Statement II Every differential equation geomrtrically represents a family of curve having some common property.

To solve the problem, we need to analyze the two statements provided regarding the first-order linear differential equation: 1. **Statement I**: The integral curves denoted by the first-order linear differential equation \(\frac{dy}{dx} - \frac{1}{x}y = -x\) are a family of parabolas passing through the origin. 2. **Statement II**: Every differential equation geometrically represents a family of curves having some common property. ### Step-by-Step Solution **Step 1: Identify the differential equation.** The given differential equation is: \[ \frac{dy}{dx} - \frac{1}{x}y = -x \] **Step 2: Determine if it is a linear differential equation.** This is a first-order linear differential equation of the form: \[ \frac{dy}{dx} + P(x)y = Q(x) \] where \(P(x) = -\frac{1}{x}\) and \(Q(x) = -x\). **Step 3: Find the integrating factor.** The integrating factor \(I(x)\) is given by: \[ I(x) = e^{\int P(x) \, dx} = e^{\int -\frac{1}{x} \, dx} = e^{-\ln|x|} = \frac{1}{|x|} \] For simplicity, we can use \(I(x) = \frac{1}{x}\) (assuming \(x > 0\)). **Step 4: Multiply the entire differential equation by the integrating factor.** Multiplying through by \(\frac{1}{x}\): \[ \frac{1}{x}\frac{dy}{dx} - \frac{1}{x^2}y = -1 \] **Step 5: Rewrite the left-hand side as a derivative.** The left-hand side can be rewritten as: \[ \frac{d}{dx}\left(\frac{y}{x}\right) = -1 \] **Step 6: Integrate both sides.** Integrating both sides with respect to \(x\): \[ \int \frac{d}{dx}\left(\frac{y}{x}\right) \, dx = \int -1 \, dx \] This gives: \[ \frac{y}{x} = -x + C \] where \(C\) is the constant of integration. **Step 7: Solve for \(y\).** Multiplying through by \(x\): \[ y = -x^2 + Cx \] **Step 8: Analyze the solution.** The general solution \(y = -x^2 + Cx\) represents a family of parabolas.

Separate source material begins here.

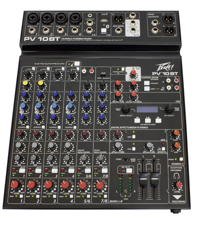 PV 10 BT inkluderer 4 kanaler med reference-kvalitet mikrofonsforforsterkere, 4 direkte utganger for innspillinger, en stereo kanal, media kanal med Bluetooth®-trådløs inngang, digitale effekter av høy kvalitet med LCD-skjerm, USB-utgang for streaming, MP3-avspilling via USB A-inngang, Peaveys eksklusive Kosmos®-lydforbedring, fantomkraft på 48 volt, to valgfrie kontrollromutganger, 2 kanaler med komprimering, én kanal med innebygd valgbar gitarforforsterker, EQ med 3 bånd per kanal med bypass, mute-knapper for kanaler, aux-sending, indikatorer for signalklipp, og en stereo master LED-måler. Denne utrolig allsidige mikseren passer både i studio og i live-situasjoner.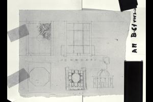 Pianta, prospetto ed elementi decorativi di un caffehaus. Pianta, prospetto ed elementi decorativi di un caffehaus

To check if they pass through the origin, substitute \(x = 0\): \[ y(0) = -0^2 + C(0) = 0 \] Thus, all curves pass through the origin. ### Conclusion - **Statement I** is true: The integral curves are indeed parabolas passing through the origin. - **Statement II** is also true: Every differential equation represents a family of curves with some common property. ### Final Answer Both statements are true, and Statement II serves as a correct explanation for Statement I.